Shrugging, Bino Sierra said, “Mister Lugo comes and goes in his own good time. But you can talk to his lawyer.”

The smile got even wider when Lynn said, “Does his lawyer sleep here or does he have an office?”

“An office in Palm Desert. Name's Leo Grishman.”

“Where's the office?”

“The new building across from the college,” Bino Sierra said, again touching the white streak. Then he said, “Funny, a detective from Palm Springs P.D. phoned this morning to see if Mister Lugo could shed any light on a brawl that happened in a funeral home last night. Involved a couple a guys looking for Mister Lugo. He didn't say he was sending detectives to the house. But it's okay, we're anxious to help.”

Bino Sierra was still smiling as he closed the door.

When they were back in the Wrangler, Nelson Hareem said, “
This
ain't gonna be so easy.”

“That smile was about as genuine as an agent's kiss,” Lynn said. “That's what the old actors at The Furnace Room would say.”

T
he law office was in a fairly new professional building on Fred Waring Drive in Palm Desert.

After they'd gotten the Wrangler parked and were walking toward the flat-roofed, brick-and-glass building, Nelson said nervously, “Guy's gonna be a mob lawyer, ain't he?”

“Oh,
sure
,” Lynn said. “When we come outta here you'll have to start your Jeep with a long stick or suddenly we'll be residing in three states.”

“Know what I was thinkin? If the Palm Springs cops got the guy's hat after he mashed it in your moosh they could get his genetic fingerprint from the sweat on the hatband. I was readin where the technology's gettin that refined!”

“I just know you were the roomie of Doctor John Watson in another life,” Lynn said.

When they were ascending the stairs to the second floor, three workmen carrying a huge roll of carpet were staggering down the staircase.

“Comin through!” the guy in front said.

“Leo Grishman law offices up there?” Lynn asked.

“I'll say it is,” the guy in back said, panting. “And I wish it was on the first floor, I can tell ya.”

The double doors of the law firm were wide open, and a huge carpet pad was being trimmed and stapled to the floor.

A little man about Wilfred Plimsoll's age, wearing shapeless ancient tweed, was yelling at a natty young guy in a butterscotch three-piece Italian suit. The young guy had his hands full of carpet and fabric samples.

“Do I complain, Roger?” the old guy complained to the young one.

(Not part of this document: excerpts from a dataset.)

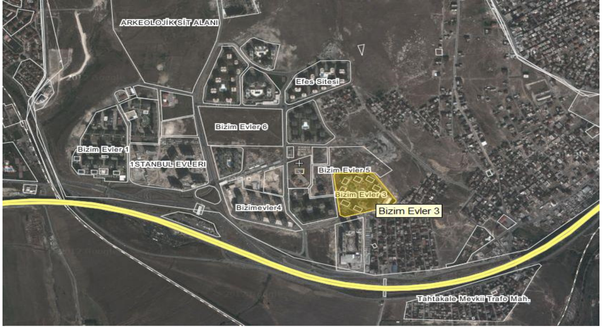
KROKİ-4: TAŞINMAZIN BULUNDUĞU SİTE VE DİĞER SİTELER İÇİNDEKİ KONUMU
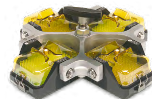
Ротор JS-4.750μ (без микропланшетов и крышек)
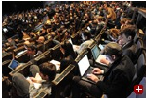
Rastlos auf der Suche nach dem nächsten großen Ding: Teilnehmer der Blogger-Konferenz "re:publica"

18. Februar 2010 Früher reichte es aus, wenn eine Firma Produkte herstellte, sie bewarb, in den Handel brachte und verkaufte. Wenn aber eine Firma 2003 im Internet vorn sein wollte, musste sie sich beim Netzwerk „Friendster“ engagieren; 2004 konnten Dax-Konzerne ohne Blogs nicht mehr effektiv kommunizieren, 2005 sollte man sich mit der koreanischen „Cyworld“ beschäftigen, 2006 verlangten die Kunden nach Podcasts, 2007 galt es, Second Life zu erobern,
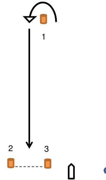
2:a läns och målgång
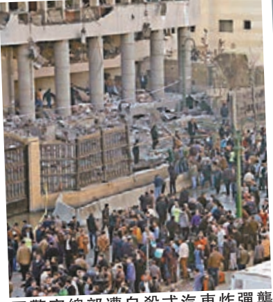
警察總部遭自殺式汽車炸彈襲擊，外牆損毀。
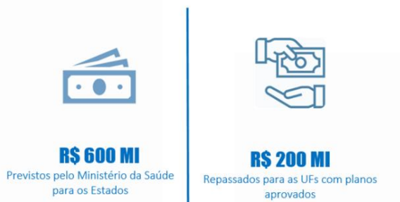
Figura 2 - Situação atual dos recursos financeiros do PNRF
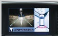
Pantalla de 8" con monitor de visión periférica (AVM).
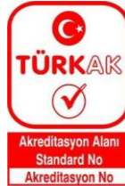
Şekil 2: TÜRKAK Akreditasyon Markası

TÜRKAK Akreditasyon Markası: TÜRKAK tarafından akredite edilmiş kuruluşların akreditasyon statülerini göstermek için kullandığı semboldür. Akreditasyon Markası TÜRKAK logosunun altına akreditasyon alanı, akreditasyona konu olan standardın numarası ve akredite edilmiş kuruluşun akreditasyon numarasının eklenmesi ile oluşturulur.
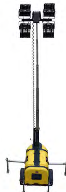
Trailer justerbar i höjdläge
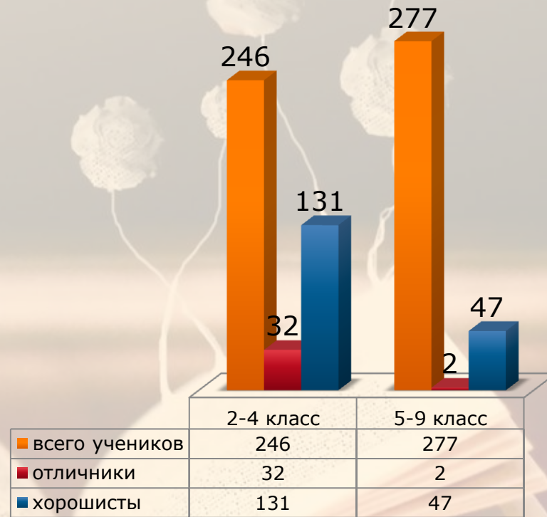
Рисунок 2. Мониторинг успеваемости
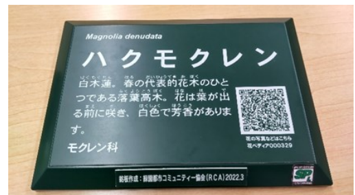
QRコードつき樹木銘板

3年間の活動で四季の径にQRコード付き樹木銘板を約150カ所に設置しました。 散歩中の皆様に大変好評です。
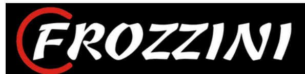
Original Belo Crvena

CMYKcrna – 0/0/0/100 CMYKcrvena – 8/98/100/1 HEXcrna – #000000 HEXcrvena – #DC2727
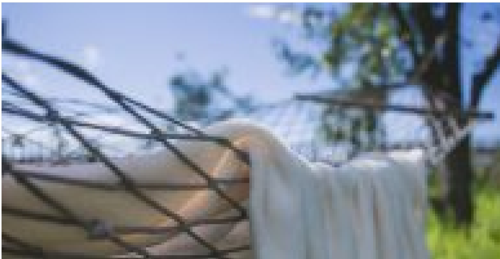
Cómo Colgar una Hamaca Paso a Paso

En este paso llega la hora de anclar la hamaca, como ayuda también tienes nuestra otra guía un poco más extensa acerca de como colgar la hamaca o balancín según la superficie y su espacio.
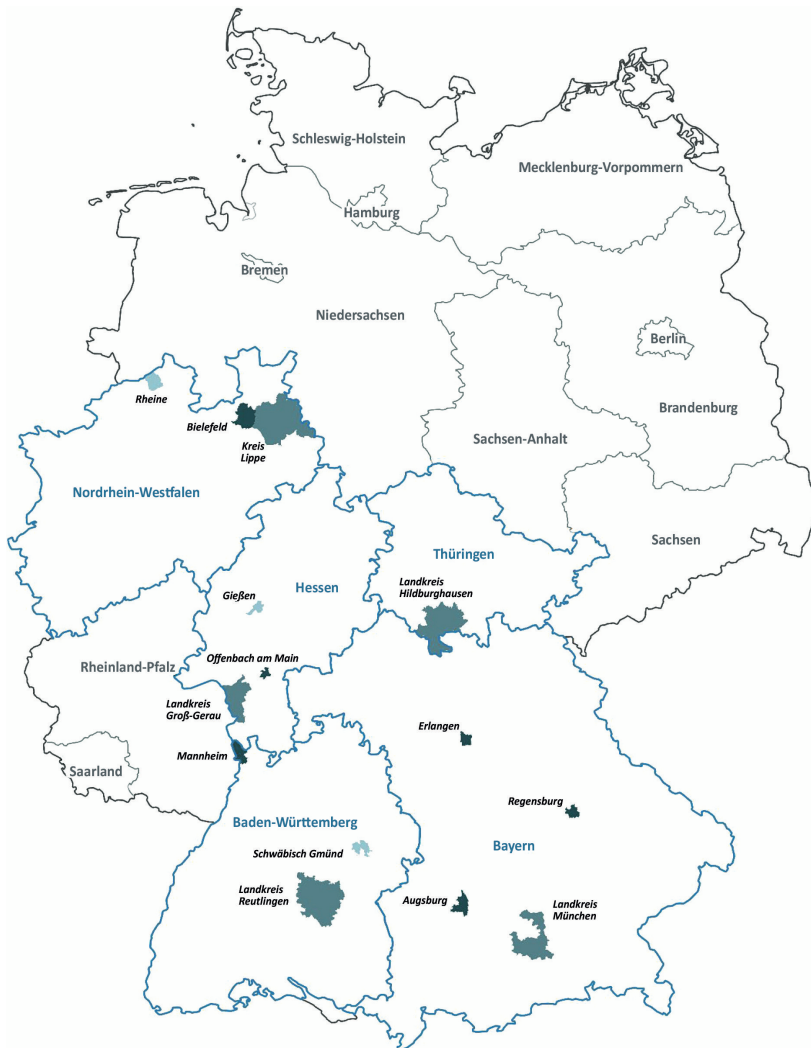
Abbildung 2: Geografische Darstellung der deutschen Fallkommunen
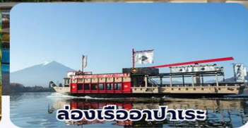
ล่องเรืออปาเระ
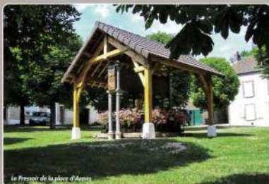
Le Pressoir de la place d'Armes
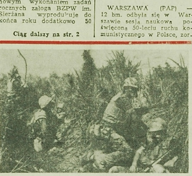
Żołnierze amerykańscy kryją się w wysokiej trawie podczas walk w pobliżu Da Nang. Jak donosi tygodnik, w DRW dziennik „Quan Doi Nam Dan” w okresie od 20 listopada do 9 grudnia żołnierze poludniowowietnamscy ucywilizowali z 7000 ludzi ponad tysiąc żołnierzy i ocalałych nieprzyjaciół.

Strajk, jak i poprzednie tego rodzaju akcje, jest wyrazem niezadowolonych pracowników z wyjątkiem strajku w przemyśle włókienniczym, który jest bezrobociu i pogarszającym się warunkom pracy i życia.
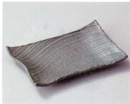
188-7-214 渋緑結晶26長角皿 2,400円 26×17.5×3.5cm 18807214
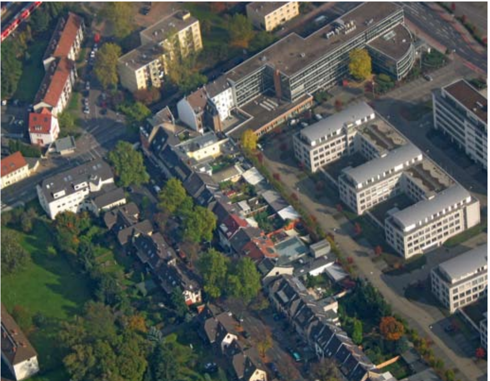
Luftbild Vitalisstraße und TechnologiePark Köln

Villenarchitektur, Mehrfamilienhäuser, gewerbliche Anlagen, Bürobauten, vornehme Wohnstraßen: Dieser Spazierweg zeigt die vielfältigen Gesichter Müngersdorfs auf eindrucksvolle Weise.

“No, Mister Grishman,” Roger replied.

“Then why can't you give me texture? You give a woman color, you give a man texture, that's how it should be. That's all a man needs, along with an easy chair and a used-brick fireplace. Is
that
asking too much?”

“No, Mister Grishman,” Roger said, looking down at the old lawyer. “Except for the used brick. You don't have a fireplace here.”

“Do my clients want to be walking around for two weeks on carpet pad because
you
couldn't bring me the carpet I ordered? I'll tell you the answer. The answer is no. Is that too difficult to understand, Roger?”

“No, Mister Grishman,” Roger said.

“Go find me some texture, Roger, please. They have to sell it somewhere. You people must learn where to buy it in your interior decorator school. It's got to be for sale! Texture!”

“I'll get right on it, Mister Grishman,” the interior designer said. “I think I know what you want.”

Roger's butterscotch coattails were flying past Lynn and Nelson before the little attorney even noticed the visitors. Then he saw them and said, “He thinks he knows what I want. I've only been working with him for six months and he
thinks
he knows what I want. I asked for subtlety. Graceland is more understated. Come in, gentlemen. Whom did you wish to see?”

Lynn displayed his badge and said, “It's about the matter at the funeral home last night, Mister Grishman. I suppose Mister Lugo's man has contacted you?”

“Matter of fact I just hung up from talking to Bino Sierra, and to Bob Lieberman at the mortuary. Bino said you'd be dropping by. Come on in. It's all unbelievable.”